Flexibility is the ability to revise plans in the face of obstacles and setbacks. If you are strong in this skill, you’re adaptable and can easily adjust to a change in plans. You are good at coming up with alternative courses of action if conditions change.
But if you have trouble adapting to change, and are reluctant to change plans, and don’t handle crises well, you are weak in this executive skill. It’s easy to get stuck on one way to solve a problem or complete a task. By focusing on a detail you might miss the big picture.
Being able to roll with changes and take what you know and apply it to a new situation not only requires flexibility, but is a component of creativity as well. And participating in creativity exercises is one way to strengthen these skills.
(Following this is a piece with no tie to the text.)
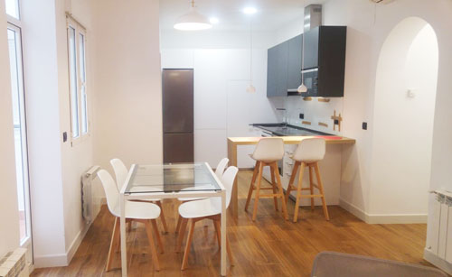 Reforma de vivienda en el centro de Madrid. ARKin realiza la reforma de un bajo en el barrio de Chamberí. La clave del proyecto reside en hacer que el patio ilumine naturalmente el interior, pudiendo llegar a varias estancias, evitando que los tabiques innecesarios interrumpan la luz.

Neurobics is a word popularized by Lawrence Katz and Manning Rubin in their 2014 book, Keep your brain alive. Neurobics is a takeoff on aerobics, and refers to exercises for the brain. The authors describe Neurobics as helping you to maintain a continuing level of mental fitness, strength and flexibility as you age. The exercise is described in the book uses the five senses (vision, smell, touch, taste and hearing) in novel ways to increase the brain’s ability to form associations among the different pieces of information that you encounter.
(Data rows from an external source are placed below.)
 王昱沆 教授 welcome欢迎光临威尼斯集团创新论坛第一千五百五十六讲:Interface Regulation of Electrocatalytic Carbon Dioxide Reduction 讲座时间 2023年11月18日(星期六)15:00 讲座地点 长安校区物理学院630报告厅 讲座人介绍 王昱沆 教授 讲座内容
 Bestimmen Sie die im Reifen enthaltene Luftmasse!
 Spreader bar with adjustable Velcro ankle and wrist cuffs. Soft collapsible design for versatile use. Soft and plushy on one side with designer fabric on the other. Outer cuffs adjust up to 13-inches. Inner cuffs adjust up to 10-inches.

An example would be to get dressed, brush your teeth and find your way around your home wearing ear plugs and a blindfold. By doing this you are stimulating rarely used pathways in the brain and increasing your range of mental flexibility, touch and flexibility.
As mentioned in previous blogs, what’s good for the brain is good for all the executive skills, including flexibility.
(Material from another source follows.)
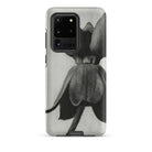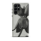 A towering botanical effigy looms across the smooth Samsung shell—Karl Blossfeldt’s lens capturing Asclepias Syriaca in stark monochrome. Petals curve like sculpted cuirasses, their shadows pressing into pale ground. The stem rises with quiet authority, every fiber etched into focus.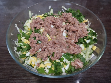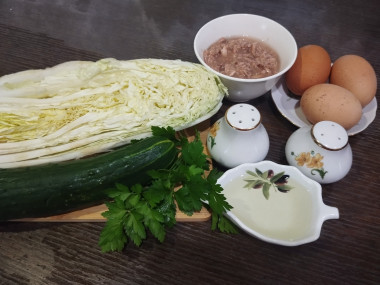 Как сделать салат консервированный тунец пекинская капуста яйца огурец? Подготовьте продукты. Вместо пекинской капусты вы можете взять обычную или любой вид зеленого салата (айсберг, латук, руккола). Тунец берите в собственном соку, если у вас консервы в масле, то уменьшите количество масла в заправке. Яйца предварительно отварите и остудите. Зелень подойдет любая — зеленый лук, укроп, петрушка. Можете добавить как что-то одно, так и ассорти из зелени.

The brain itself was created to be flexible, and all you have to do is nurture this innate ability. To give you an example of how our brains can be rewired, in the year 2000, a study of London taxi drivers revealed that they had a much larger posterior hippocampus than men with a similar profile, but who did not drive for a living. That part of the hippocampus is responsible for a person’s navigational skills.
As far as our brain is concerned, it seems to hold true that if we don’t use it, we lose it. Another example appeared in the December 12, 2009 issue of the Toronto Star. It was an article on handwriting, which seems to have been replaced by the keyboard – at least by the younger generation. It concludes, based on research, that handwriting works the brain differently and builds distinct cognitive skills. It reinforces reading and spelling, develops motor memory as it becomes automatic, teaches students to focus, and may help them remember what they learn. So as keyboards replace handwriting, new neural pathways are created and new cognitive skills replace the old.
To maintain flexibility and continue exercising the brain, it is a good idea to get away from a task for a short period of time, and then return to it mentally refreshed. The brain thrives on variety. Also, don’t schedule too tightly, introduce change gradually, take other people’s agenda into account when making plans, recognize that you always have choices, and get in the habit of developing alternative plans.